關鍵（unicode列名）錯誤合併

u'가' u'나'  
0  
1 
... 


     A  B 
0 
1 
...

有兩個像上面這樣的數據框，分別叫做'left'和'right'。我試着像下面的代碼合併。關鍵（unicode列名）錯誤合併

result = pandas.merge(left, right, how='left', left_on=[u'가'], right_on=['A'])

但不幸的是，發生了錯誤。看來大熊貓合併left（right）_on = key功能無法識別unicode列名。

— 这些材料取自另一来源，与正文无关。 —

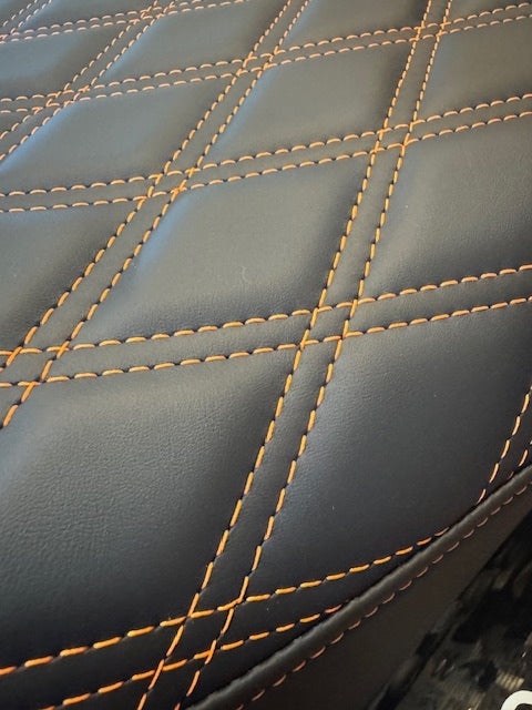 - THIS IS A CUSTOM SEAT ORDER WITH ORANGE STITCHING AND SOLAR REFLECTIVE LEATHER.

File "?.py", line ?, in merger 
    pandas.merge(left, right, how='left', left_on=[u'가'], right_on=['A']) 
    File "C:\Anaconda\lib\site-packages\pandas\tools\merge.py", line 37, in merge 
copy=copy) 
    File "C:\Anaconda\lib\site-packages\pandas\tools\merge.py", line 183, in __init__ 
self.join_names) = self._get_merge_keys() 
    File "C:\Anaconda\lib\site-packages\pandas\tools\merge.py", line 352, in _get_merge_keys 
left_keys.append(left[lk].values) 
    File "C:\Anaconda\lib\site-packages\pandas\core\frame.py", line 1797, in __getitem__ 
return self._getitem_column(key) 
    File "C:\Anaconda\lib\site-packages\pandas\core\frame.py", line 1804, in _getitem_column 
return self._get_item_cache(key) 
    File "C:\Anaconda\lib\site-packages\pandas\core\generic.py", line 1084, in _get_item_cache 
values = self._data.get(item) 
    File "C:\Anaconda\lib\site-packages\pandas\core\internals.py", line 2851, in get 
loc = self.items.get_loc(item) 
    File "C:\Anaconda\lib\site-packages\pandas\core\index.py", line 1572, in get_loc 
return self._engine.get_loc(_values_from_object(key)) 
    File "pandas\index.pyx", line 134, in pandas.index.IndexEngine.get_loc (pandas\index.c:3824) 
    File "pandas\index.pyx", line 154, in pandas.index.IndexEngine.get_loc (pandas\index.c:3704) 
    File "pandas\hashtable.pyx", line 686, in pandas.hashtable.PyObjectHashTable.get_item (pandas\hashtable.c:12280) 
    File "pandas\hashtable.pyx", line 694, in pandas.hashtable.PyObjectHashTable.get_item (pandas\hashtable.c:12231) 
KeyError: u'\uac00'

以前有人遇到過這種錯誤嗎？如果是這樣，請讓我知道，並給我你的提示。

來源

2015-07-21 su79eu7k

只是出於好奇才做了以下工作：'result = pandas.merge（left，right，how ='left'，left_on = left.columns [0]，right_on = right.columns [0]）'？ – EdChum

你是對的。對不起每個人都感到困惑。在我看來，但不是unicode問題。這僅僅是因爲我在_groupby_之後嘗試了_merge_。 http://stackoverflow.com/a/24980809/3054161 – su79eu7k

請發表回答，並接受它，所以這個問題並不會得到答覆，謝謝 – EdChum

對不起每個人都困惑。在我看來，但不是unicode問題。這只是因爲我在groupby之後嘗試合併。如this。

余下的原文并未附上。